Unlike TokenFund, traditional venture capital institutions will pay more attention to policy supervision risks in 2019. Investment projects are mainly based on blockchain media, technology developers, privacy protection, etc. There are very few exchange and public chain projects, and mainly overseas star projects.
For example, a lot of strategy source venture capital shots. Of the 4 investment events in 2019, 3 were blockchain media, including Deepchain Finance and Mars Finance. In addition, Qifu Capital and Shunwei Capital also invested in blockchain. Information platform currency world.
In addition, Sequoia China and Jingwei China, which have few shots, only invested in blockchain technology R & D vocational technology and Warm Wah technology focusing on health insurance technology in 2019, while IDG Capital and Zhenge Fund invested in transactions. Sohu and the public chain, but are overseas projects, are Silicon Valley star public chain ThunderCore and Japanese exchange Quoine.
Compared to running and entering in 2018, the investment of traditional venture capital institutions in the blockchain field was more cautious and conservative last year.

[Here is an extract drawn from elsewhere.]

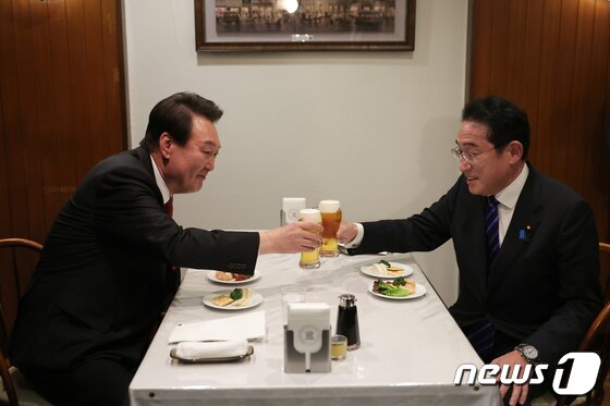 윤석열 대통령과 기시다 후미오 일본 총리가 16일 도쿄 긴자의 한 오므라이스 노포에서 친교를 나누며 맥주로 건배하고 있다. (대통령실 제공) 2023.3.17/뉴스1 © News1 오대일 기자 |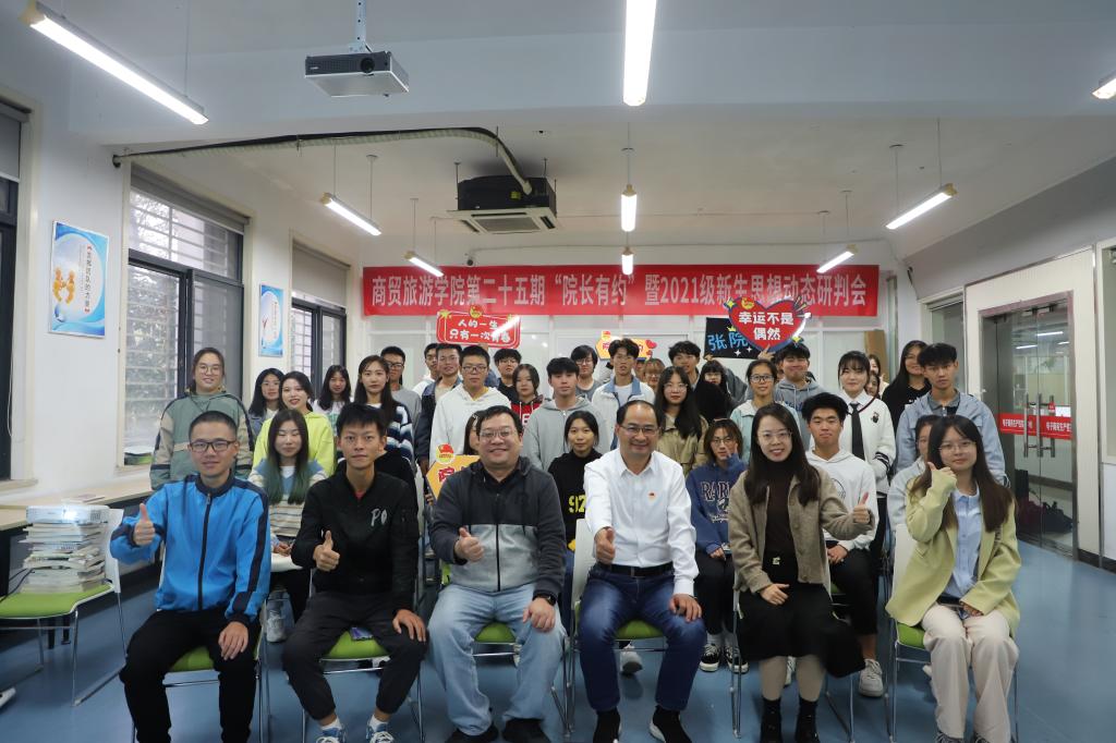 秋意渐浓,转眼间新生入学已一月有余。为全面了解大一新生思想动态并让同学们尽快融入大学生活,10月20日下午,商贸旅游学院在8108教室召开了第二十五期“院长有约”暨2021级新生思想动态研判会。党总支书记、院长张赵根、学工办主任王晓磊及大一各班新生代表参加本次活动。会议由团总支负责人赵媛媛主持。

In fact, the mutual chain pulse statistics found that in 2018, the fields invested by traditional venture capital institutions were mostly concentrated in the public chain, exchanges, mining and digital wallets, but as the bear market continued in 2019, coupled with stricter policy supervision In these areas related to cryptocurrencies, there are very few compliance projects left for traditional venture capital institutions.
In the field of blockchain technology R & D and application, most projects have not yet found a suitable profit model, and the investment return cycle is relatively long and the risks are large, which has caused traditional venture capital institutions to stall.
On the other hand, under the influence of multiple economic factors such as the Sino-U.S. Trade war in 2019, the capital winter has been covering the entire traditional venture capital circle. Not only is it difficult to raise funds for VC / PE, but even many parent funds are short of money. Investment institutions are very cautious in their investment attitudes, especially for higher-risk blockchain projects.
However, after the "1024 speech", the blockchain has ushered in a policy breeze, and a large number of listed companies have begun to get involved in the blockchain business. The promotion of industrial capital has undoubtedly opened a good situation. For traditional venture capital institutions, The blockchain industry is a promising circuit.
This article is the original [Interlink Pulse], please indicate the source when reprinted!